No the problem is, we're placing superblocks into specific zones, regardless of
the zone size. This creates a problem when you need to inspect a file system,
but don't have the block device available, because you can't look at the zone 
size to calculate where the superblocks are on the device.

With this change we're placing the superblocks not into specific zone numbers,
but into the zones starting at specific offsets. We're taking 8G zone size as
a maximum expected zone size, to make sure we're not overlapping superblock
zones. Currently SMR disks have a zone size of 256MB and we're expecting ZNS
drives to be in the 1-2GB range, so this 8GB gives us room to breath.

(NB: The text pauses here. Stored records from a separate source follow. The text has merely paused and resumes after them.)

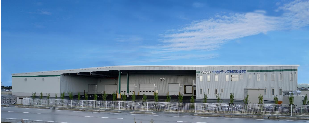
第2物流センター 外観
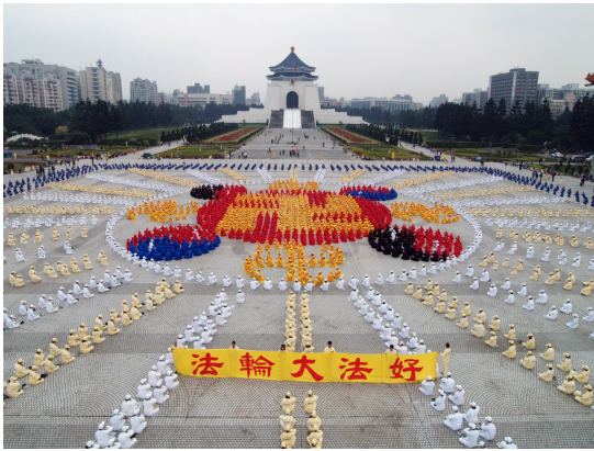
台湾学员集体打坐排字

“我打电话是想告诉你，我得福报了！”语气中充满了兴奋。女儿也高兴地说：“快说说。”高老太在电话里继续说，“你走后，我有空儿就念‘法轮大法好，真善忍好’，而且还一直听你们给我的那个小收音机（可以播放
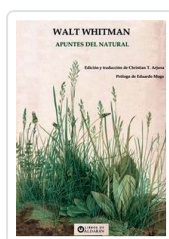
APUNTES DEL NATURAL WHITMAN, WALT
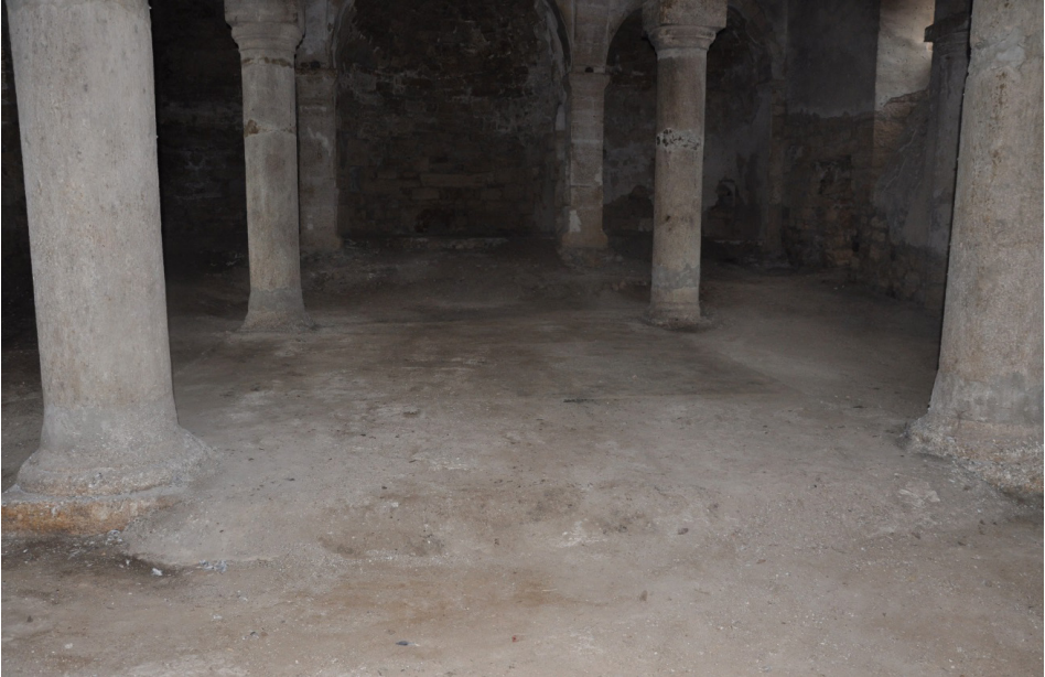
F. 18- Surp Sarkis Kilisesi iç mekan yükselen zemin kotu
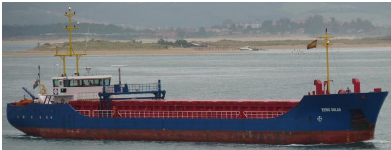
EEMS SOLAR en Santander el 28 Septiembre 2012
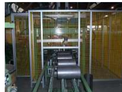
Linea di alimentazione fondi e virole
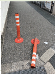
百舌鳥八幡駅周辺のポール改修
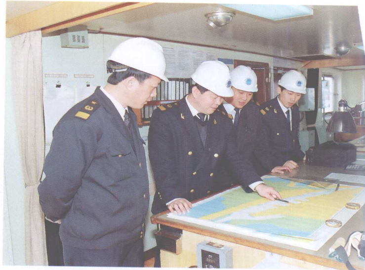
港口国监督检查员实船学习
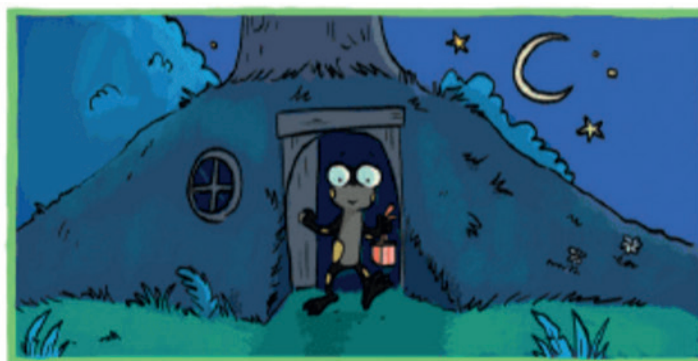
Ce soir, Sam est invitée à l'anniversaire de Lily la chauve-souris.

Hope this helps clearing up any confusion.

Byte,
Johannes


Re: [PATCH] btrfs: zoned: move superblock logging zone location

2021-04-07 Thread Josef Bacik

On 3/15/21 1:53 AM, Naohiro Aota wrote:

This commit moves the location of superblock logging zones. The location of
the logging zones are determined based on fixed block addresses instead of
on fixed zone numbers.

By locating the superblock zones using fixed addresses, we can scan a
dumped file system image without the zone information. And, no drawbacks
exist.

We use the following three pairs of zones containing fixed offset
locations, regardless of the device zone size.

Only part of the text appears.